SpargeAttention combines sparsity and quantization for maximum performance.

Features

  • Performance benchmarking in progress
  • Memory reduction testing in progress
  • Learned sparsity patterns
  • Adaptive attention masking

Configuration

args.infer.attn_type = "sparge"

Requirements

  • SpargeAttention library installed
  • CUDA compute capability 8.0+

Use Cases

  • Maximum performance needed
  • Very memory-constrained systems
  • Batch processing scenarios

Auto Selection

Type: Automatic backend selection
Behavior: Chooses best available backend

The auto option automatically selects the best available attention backend.

Configuration

args.infer.attn_type = "auto"

Selection Priority

  1. SpargeAttention (if installed)
  2. SageAttention (if installed)
  3. FlashAttention (fallback)

Performance Comparison

Speed Benchmark

Performance benchmarking in progress on various hardware configurations.

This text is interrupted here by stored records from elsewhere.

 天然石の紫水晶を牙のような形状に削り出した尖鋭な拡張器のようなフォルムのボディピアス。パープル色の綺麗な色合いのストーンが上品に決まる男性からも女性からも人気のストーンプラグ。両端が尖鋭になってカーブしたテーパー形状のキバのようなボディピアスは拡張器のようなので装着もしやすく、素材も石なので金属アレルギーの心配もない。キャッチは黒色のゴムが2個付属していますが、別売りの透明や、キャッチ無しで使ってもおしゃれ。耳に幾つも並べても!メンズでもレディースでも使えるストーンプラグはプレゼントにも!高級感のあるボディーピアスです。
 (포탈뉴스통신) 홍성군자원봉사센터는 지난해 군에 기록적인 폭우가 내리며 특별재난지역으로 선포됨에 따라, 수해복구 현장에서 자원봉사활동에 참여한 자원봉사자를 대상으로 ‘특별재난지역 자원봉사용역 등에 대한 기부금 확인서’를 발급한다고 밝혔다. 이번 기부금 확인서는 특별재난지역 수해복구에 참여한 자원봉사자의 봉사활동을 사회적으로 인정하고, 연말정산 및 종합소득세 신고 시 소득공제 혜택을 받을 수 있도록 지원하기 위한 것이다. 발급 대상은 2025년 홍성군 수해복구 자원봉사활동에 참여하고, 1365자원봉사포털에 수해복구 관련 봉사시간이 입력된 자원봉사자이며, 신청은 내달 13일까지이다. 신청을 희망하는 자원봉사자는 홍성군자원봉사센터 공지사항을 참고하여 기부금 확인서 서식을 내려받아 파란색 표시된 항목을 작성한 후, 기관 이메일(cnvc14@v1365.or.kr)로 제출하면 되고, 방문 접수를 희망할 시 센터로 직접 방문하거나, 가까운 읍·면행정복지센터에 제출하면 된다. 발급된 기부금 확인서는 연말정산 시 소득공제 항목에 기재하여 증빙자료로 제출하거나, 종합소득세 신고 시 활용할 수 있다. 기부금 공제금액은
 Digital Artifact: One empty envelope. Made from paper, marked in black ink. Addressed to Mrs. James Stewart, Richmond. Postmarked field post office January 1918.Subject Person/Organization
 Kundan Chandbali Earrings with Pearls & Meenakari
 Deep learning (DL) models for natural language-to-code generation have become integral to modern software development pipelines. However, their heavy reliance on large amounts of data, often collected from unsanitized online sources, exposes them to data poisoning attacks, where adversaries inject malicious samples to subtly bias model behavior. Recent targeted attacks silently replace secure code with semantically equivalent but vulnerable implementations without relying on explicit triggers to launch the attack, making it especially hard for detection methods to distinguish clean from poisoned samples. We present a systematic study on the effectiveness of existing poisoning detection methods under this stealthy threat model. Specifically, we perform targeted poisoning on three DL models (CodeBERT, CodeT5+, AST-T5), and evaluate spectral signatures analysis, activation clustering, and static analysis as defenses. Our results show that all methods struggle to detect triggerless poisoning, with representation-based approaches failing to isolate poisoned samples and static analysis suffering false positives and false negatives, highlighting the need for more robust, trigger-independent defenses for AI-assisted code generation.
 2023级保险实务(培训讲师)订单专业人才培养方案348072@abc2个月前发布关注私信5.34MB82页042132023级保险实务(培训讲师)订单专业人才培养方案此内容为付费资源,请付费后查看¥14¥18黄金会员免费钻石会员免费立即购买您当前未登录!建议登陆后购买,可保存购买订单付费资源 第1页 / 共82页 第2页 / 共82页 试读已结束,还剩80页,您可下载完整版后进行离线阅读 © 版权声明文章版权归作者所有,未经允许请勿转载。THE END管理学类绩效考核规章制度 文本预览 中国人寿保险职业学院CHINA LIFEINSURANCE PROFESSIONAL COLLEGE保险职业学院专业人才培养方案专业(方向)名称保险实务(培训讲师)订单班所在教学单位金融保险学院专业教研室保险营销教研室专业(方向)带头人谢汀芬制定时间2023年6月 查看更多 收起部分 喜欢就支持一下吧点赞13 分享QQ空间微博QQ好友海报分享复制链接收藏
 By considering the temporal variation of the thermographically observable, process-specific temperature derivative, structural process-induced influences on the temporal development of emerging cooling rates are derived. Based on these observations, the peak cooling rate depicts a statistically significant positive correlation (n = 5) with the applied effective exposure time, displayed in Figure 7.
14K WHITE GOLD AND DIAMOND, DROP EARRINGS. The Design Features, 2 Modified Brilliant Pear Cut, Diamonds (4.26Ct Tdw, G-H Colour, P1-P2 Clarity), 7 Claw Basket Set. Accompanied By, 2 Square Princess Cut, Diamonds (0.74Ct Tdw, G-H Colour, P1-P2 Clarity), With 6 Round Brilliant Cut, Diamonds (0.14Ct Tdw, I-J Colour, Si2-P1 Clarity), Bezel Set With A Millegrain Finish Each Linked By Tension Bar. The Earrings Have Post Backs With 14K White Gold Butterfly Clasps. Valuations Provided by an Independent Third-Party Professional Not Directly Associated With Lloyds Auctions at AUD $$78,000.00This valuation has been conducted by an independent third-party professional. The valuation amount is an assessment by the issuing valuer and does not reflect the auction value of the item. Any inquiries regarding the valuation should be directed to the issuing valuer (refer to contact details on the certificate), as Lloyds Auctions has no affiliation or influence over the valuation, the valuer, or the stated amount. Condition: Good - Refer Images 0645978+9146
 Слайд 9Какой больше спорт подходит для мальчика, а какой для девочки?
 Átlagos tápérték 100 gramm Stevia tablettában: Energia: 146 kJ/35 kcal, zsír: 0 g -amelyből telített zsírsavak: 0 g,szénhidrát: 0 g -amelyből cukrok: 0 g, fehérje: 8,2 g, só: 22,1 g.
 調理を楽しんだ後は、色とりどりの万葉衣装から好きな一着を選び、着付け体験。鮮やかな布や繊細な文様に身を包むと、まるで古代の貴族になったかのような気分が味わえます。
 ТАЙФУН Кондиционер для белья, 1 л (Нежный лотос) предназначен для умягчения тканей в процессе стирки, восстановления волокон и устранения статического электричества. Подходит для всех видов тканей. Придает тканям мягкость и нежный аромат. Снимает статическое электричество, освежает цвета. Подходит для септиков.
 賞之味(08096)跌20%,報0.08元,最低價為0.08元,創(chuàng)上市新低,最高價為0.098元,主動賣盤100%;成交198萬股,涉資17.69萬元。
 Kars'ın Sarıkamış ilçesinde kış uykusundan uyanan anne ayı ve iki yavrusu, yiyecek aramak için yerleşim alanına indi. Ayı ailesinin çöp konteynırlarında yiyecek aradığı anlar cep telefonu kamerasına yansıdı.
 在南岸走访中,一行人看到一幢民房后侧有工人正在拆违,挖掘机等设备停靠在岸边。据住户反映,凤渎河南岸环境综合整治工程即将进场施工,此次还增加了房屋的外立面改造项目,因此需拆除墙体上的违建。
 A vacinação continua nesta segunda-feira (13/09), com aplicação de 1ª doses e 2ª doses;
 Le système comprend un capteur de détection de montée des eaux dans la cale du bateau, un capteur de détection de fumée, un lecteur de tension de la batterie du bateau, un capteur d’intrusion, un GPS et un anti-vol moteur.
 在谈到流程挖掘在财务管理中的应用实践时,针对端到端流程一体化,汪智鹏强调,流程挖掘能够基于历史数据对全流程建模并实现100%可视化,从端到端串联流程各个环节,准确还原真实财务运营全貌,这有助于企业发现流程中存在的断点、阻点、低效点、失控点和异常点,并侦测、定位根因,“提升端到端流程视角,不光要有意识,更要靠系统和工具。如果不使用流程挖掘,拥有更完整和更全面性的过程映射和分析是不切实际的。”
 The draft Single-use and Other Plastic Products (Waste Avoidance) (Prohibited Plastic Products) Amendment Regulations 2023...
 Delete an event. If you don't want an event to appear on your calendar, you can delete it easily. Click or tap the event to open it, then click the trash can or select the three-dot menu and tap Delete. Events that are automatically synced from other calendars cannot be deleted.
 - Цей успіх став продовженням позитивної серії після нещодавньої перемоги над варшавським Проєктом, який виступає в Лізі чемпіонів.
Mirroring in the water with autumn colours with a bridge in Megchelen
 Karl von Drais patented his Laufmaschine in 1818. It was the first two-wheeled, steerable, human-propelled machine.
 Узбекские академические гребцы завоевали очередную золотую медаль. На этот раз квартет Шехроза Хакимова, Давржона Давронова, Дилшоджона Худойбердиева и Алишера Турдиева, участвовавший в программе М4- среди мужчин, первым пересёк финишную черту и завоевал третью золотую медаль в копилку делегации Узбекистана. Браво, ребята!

Backend Time per Step Total Time Speedup
FlashAttention Baseline Baseline 1.0x
SageAttention To be tested To be tested To be tested
SpargeAttention To be tested To be tested To be tested

Memory Benchmark

Memory usage benchmarking in progress.

Backend Peak VRAM Reduction
FlashAttention Baseline baseline
SageAttention To be tested To be tested
SpargeAttention To be tested To be tested

Quality Comparison

Quality metrics testing in progress using VBench benchmark suite.

Backend Quality Score Subject Motion Aesthetic
FlashAttention Baseline Baseline Baseline Baseline
SageAttention To be tested To be tested To be tested To be tested
SpargeAttention To be tested To be tested To be tested To be tested

Implementation Details

Attention Interface

All backends implement a common interface:

class AttentionBackend:
    def forward(self, q, k, v, attn_mask=None):
        """
        Args:
            q: Query tensor [B, H, N, D]
            k: Key tensor [B, H, N, D]
            v: Value tensor [B, H, N, D]
            attn_mask: Optional attention mask

        Returns:
            output: Attention output [B, H, N, D]
        """
        pass

Quantization Strategy (Sage/Sparge)

Per-Tensor Quantization

scale = max(abs(tensor)) / 127
quantized = (tensor / scale).round().clamp(-128, 127).to(int8)

Dequantization

dequantized = quantized.to(float16) * scale

Sparsity Pattern (Sparge)

Block-Sparse Attention

  • Divides attention matrix into blocks (e.g., 64×64)
  • Computes importance scores
  • Keeps top-k important blocks
  • Sets other blocks to zero

Dynamic Sparsity

Sparsity ratio adapts per layer based on learned patterns. Exact ratios are being optimized and will be documented.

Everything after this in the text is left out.